In the local paper yesterday. An average 8% price increase for Comcast subscribers is coming in Jan.


----------



## Ghostwriter (Oct 11, 2005)

Get ready for some type of rate hike from Dish also. With them adding a few new channels esp. some of the sports channels such as NFL Network, ESPNU, ESPN2 HD soon and a few others I am expecting a rate hike also.


----------



## navychop (Jul 13, 2005)

DISH has had fewer, and smaller, rate increases than cable.


----------



## finniganps (Jan 23, 2004)

navychop said:


> DISH has had fewer, and smaller, rate increases than cable.


I agree completely!


----------



## Ghostwriter (Oct 11, 2005)

Very true thats why I have E* their prices are still better than digital cable in my area. But a rate hike is coming...


----------



## boba (May 23, 2003)

It is due in March from previous history usually in the $1-2 per month range.


----------



## Kevin Brown (Sep 4, 2005)

I'm going to resurrect this thread. Article in the local paper. 



> Cable TV profit rises despite loss of subscribers
> SATELLITE GAINS GROUND, FCC REPORTS
> By David Koenig
> Associated Press
> ...


My simple conclusion? Cable companies are making more money with less customers. Know what that means? They are charging their existing customers more. Exactly why I switched.


----------



## finniganps (Jan 23, 2004)

Kevin Brown said:


> My simple conclusion? Cable companies are making more money with less customers. Know what that means?
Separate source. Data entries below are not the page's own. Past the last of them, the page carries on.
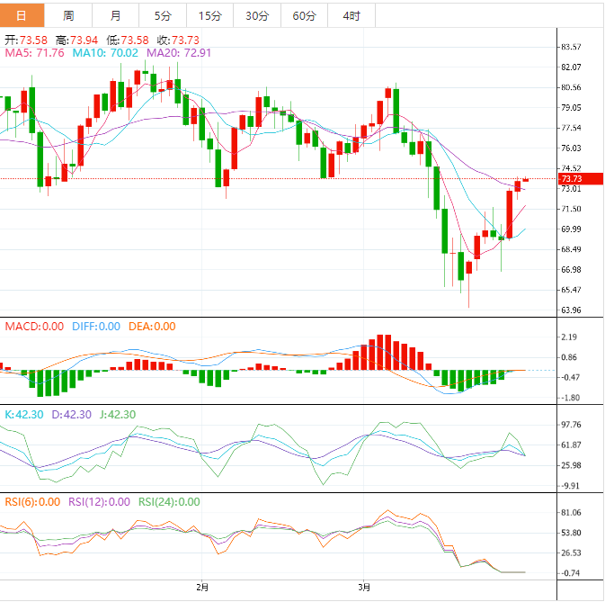 周四盘中,美油交投于73.75美元/桶附近;油价周二攀升,延续上日伊拉克库尔德斯坦供应中断的风险以及对银行业动荡得到遏制的希望带动的大涨趋势,早间公布的API数据显示库存减少,加之地缘紧张,诸多利好提振油价。
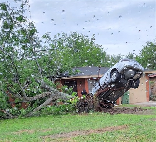 暴风雨吹倒了一棵树,它的根抬起了停在它旁边的汽车
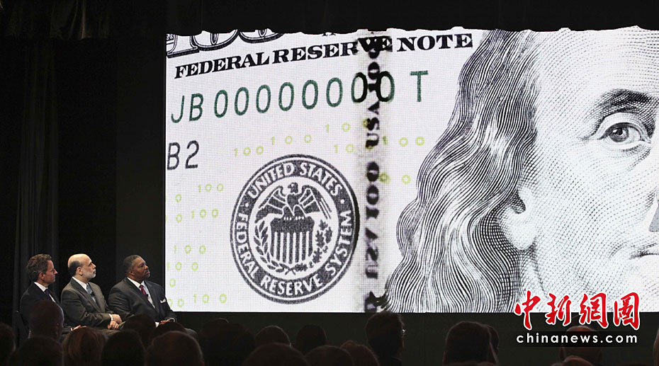 圖為新款百元美鈔發(fā)布會(huì)現(xiàn)場
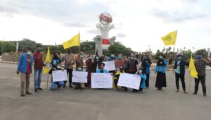 Pasangkayu – editorial9 – Pergerakan Mahasiswa Islam Indonesia (PMII) Cabang Pasangkayu, menggelar aksi damai, di Bundaran Smart Pasangkayu, Senin,16/11/20.
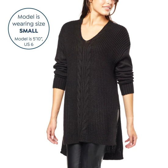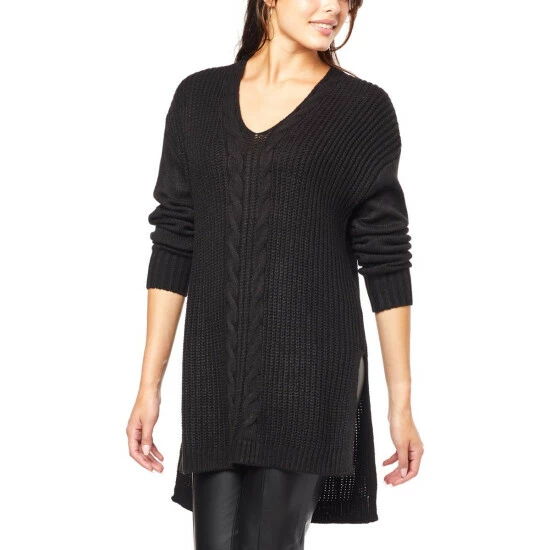 Whether you love the cold or not, we can all agree that a chunky knit sweater makes the chilly season sweeter. This tunic-lengthpulloverfits loose and long (itcovers yourbum). Complete with a V-shapedneckline and a hi-lowstep hem, this cable knit gives an effortlessly pretty vibe.
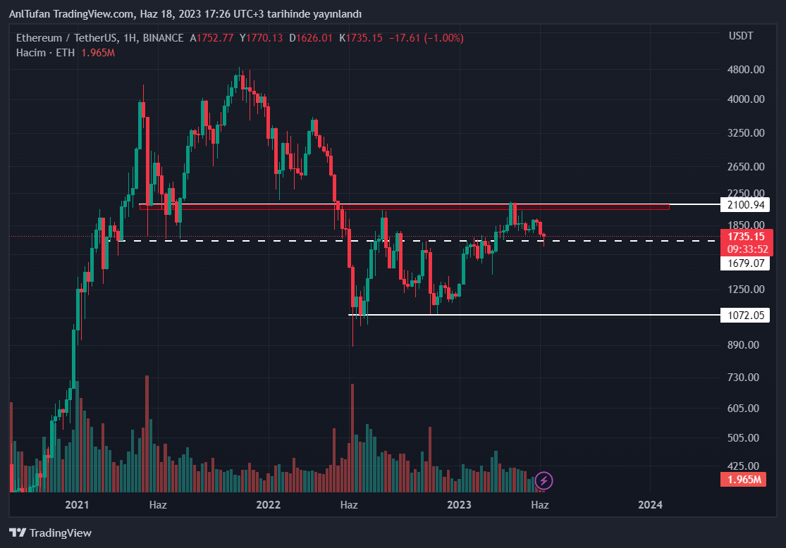 Lider altcoin Ethereum haberimizin yazıldığı esnada 1.735 dolar seviyelerinden işlem görüyor. ETH’nin haftalık mumu kırmızı olsa da, bir trend dönüşüm mum formasyonu oluştuğu gözlenmekte.
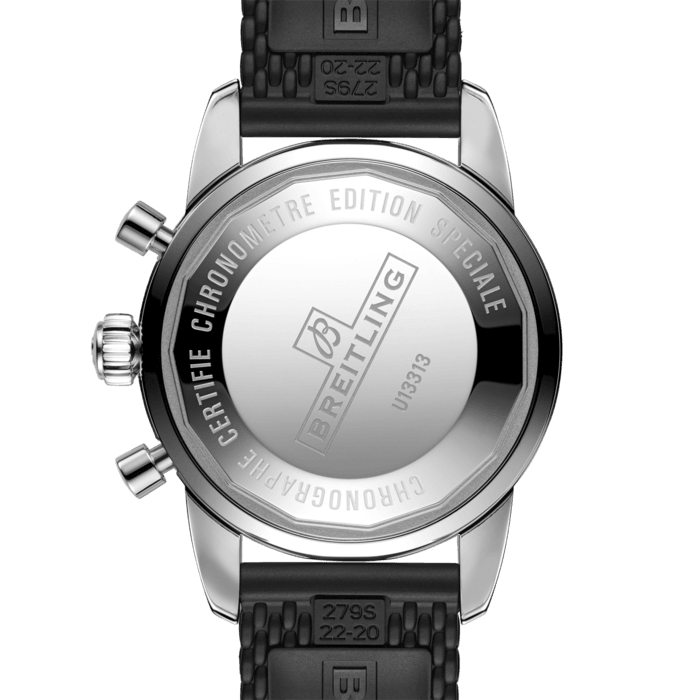 Featuring the iconic triangular-shaped hands as well as a unidirectional bezel with a polished ceramic ring, the Superocean Heritage is an elegant looking diver’s watch. Available in a variety of materials including stainless steel and 18k red gold, the Superocean Heritage Chronograph 44 features a range of colored dials. Offered either with a matching mesh bracelet, or a “mesh-styled” rubber strap fitting a folding buckle, this Superocean Heritage is powered by the Breitling Caliber 13, a COSC-certified chronometer.

They are charging their existing customers more. Exactly why I switched.


Exactly! IMO, quality of products has increased with cable and satellite, but cable rates have increased by significantly more since I switched to satellite in 1999. I have maintained the same package since 1999 which was comparable to what I had with cable. At the time I was paying about $8-10/month more with cable. If I switched back to cable, I'd be paying closer to $20 more/month to get 2 PVR's like I have now (yes I purchased my PVR's). I prefer the higher quality and lower prices overall with satellite.


----------



## PrivateIdaho (Jun 26, 2003)

I was checking my cable rates today. They want $42 for basic analog cable. An additional $30 for Digital, but of course most of those channels are still analog. This is before DVR fees and additional outlet fees.

I don't like the rate increases at Dish, but I would have to stop watching TV if I had to pay my cable company. It would be more than double for my simple DVR setup.


----------



## Kevin Brown (Sep 4, 2005)

My data point was $65 a month for Comcast w/o a DVR, and $55 a month with Dish for comparable programming, *with* a DVR. No brainer.


----------



## jerryez (Nov 15, 2002)

They all are toooo expensive for just TV. Who would have thought when we had 3 channels, if we were lucky, that we would be paying $100 per month for 200 channels of tv and still nothing to watch.


----------